5. In the fig.23.24 below,
♦ the area of the blue region from x = -1 to x = 0 is 1/3
♦ the area of the blue region from x = 0 to x = 1 is also 1/3
 |
| Fig.23.24 | | |
• Both areas are positive. So the total area from x = -1 to x = 1 will be twice (1/3)
Example 2:
This can be written in 5 steps:
1. $\small{f(x) \,=\,x^3}$ is an odd function.
• Suppose that, we need to evaluate $\small{\int_{-1}^{1}{\left[x^3 \right]dx}}$
2. The usual approach is:
$\small{\int_{-1}^{1}{\left[x^3 \right]dx}\,=\,\left[\frac{x^4}{4} \right]_{-1}^1\,=\,\frac{1}{4}\,-\,\frac{1}{4}\,=\,0}$
3. But by applying P7, we can straight away write:
$\small{\int_{-1}^{1}{\left[x^3 \right]dx}\,=\,0}$
4. We get the same result in both (2) and (3).
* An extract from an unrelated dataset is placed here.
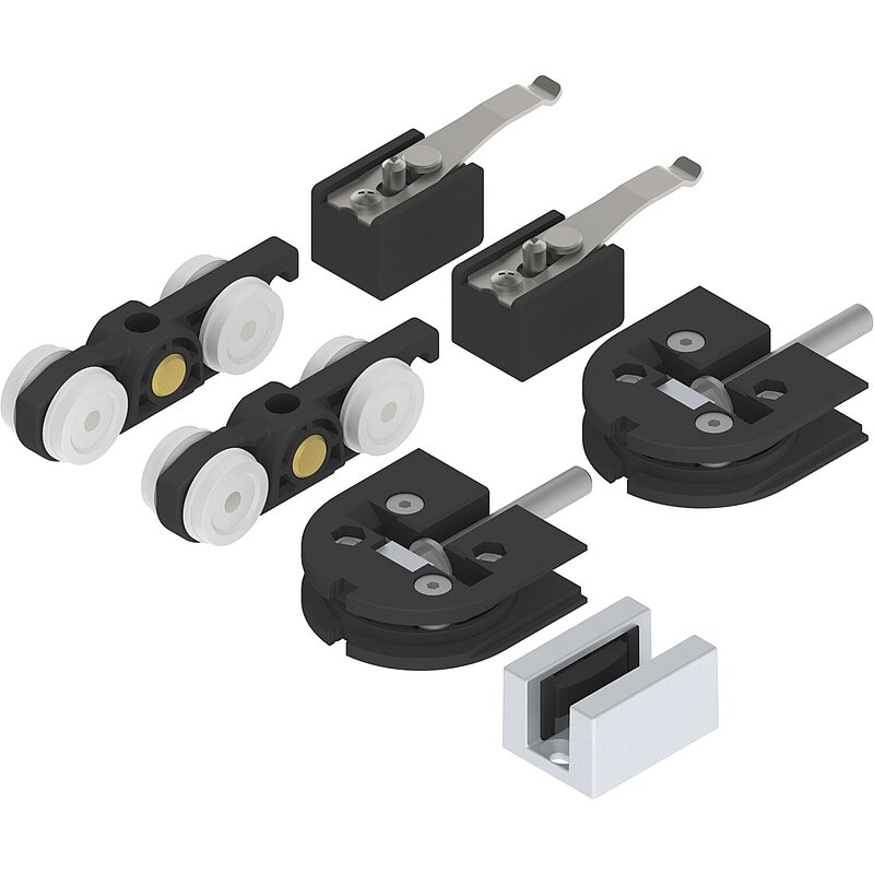 SOLIDO 100 Beschlagset Glas Punktbefestigung 8-10,76 mm Führung silber eloxiert

5. In the fig.23.25 below,
♦ the area of the blue region from x = -1 to x = 0 is 1/4
♦ the area of the blue region from x = 0 to x = 1 is also 1/4
 |
| Fig.23.25 |
• The area from x = -1 to x = 0 is -ve. But the area from x = 0 to x = 1
is +ve. So the total area from x = -1 to x = 1 will be zero.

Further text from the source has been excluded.